Kaiser Permanente agreed to pay $556 million to the federal government and whistle-blowers to settle civil claims that it overbilled Medicare Advantage, according to a recent New York Times article. The Justice Department and relators alleged Kaiser inflated patient diagnoses to secure higher risk-adjusted payments from Medicare. The lawsuits date back more than a decade, and the government joined them in 2021.
Under the settlement, Kaiser did not admit wrongdoing. In a statement on its website, the organization said it settled to avoid protracted litigation and that the dispute centered on interpreting documentation requirements under the Medicare risk adjustment program.

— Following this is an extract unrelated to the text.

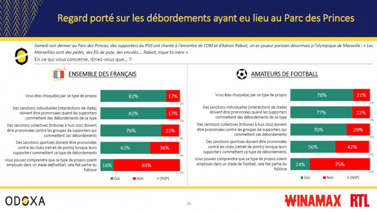82% des Français interrogés se disent "choqués par ce type de propos" et attendent "des sanctions individuelles comme des interdictions de stade pour les supporters responsables. 76% sont favorables à des "sanctions collectives (tribunes à huis clos) contre les groupes de supporters qui commettent ces débordements". 62% espèrent même voir les clubs sanctionnés. Seuls 16% des Français sondés disent "comprendre ces propos" et les associent à une forme de "folklore" du football.

The Justice Department said Kaiser clinicians were routinely urged to add diagnoses, sometimes long after treatment, to increase risk scores and corresponding government payments. The government estimated these practices generated about $1 billion for Kaiser from 2009 to 2018. The complaint also described group coding sessions and alleged links between added diagnoses and clinician compensation.
One whistle-blower, Dr. James Taylor, a physician and coding expert, helped expose the practices. He described being directed to uncover diagnoses worth millions in additional payments.
The settlement covers Kaiser-affiliated organizations in California and Colorado. Industry oversight of Medicare Advantage coding practices has grown, with multiple large insurers facing similar government suits or settlements. A separate whistle-blower case against UnitedHealth Group is ongoing. UnitedHealth has maintained its coding practices to comply with the Centers for Medicare and Medicaid Services rules.
Regulators have sought to adjust Medicare Advantage payment policies to reduce overbilling, but industry pushback has affected the pace of changes, the Times reported. The Justice Department continues to pursue False Claims Act cases in this area. (Based on reporting by Reed Abelson and Margot Sanger-Katz, The New York Times, Jan. 14, 2026.)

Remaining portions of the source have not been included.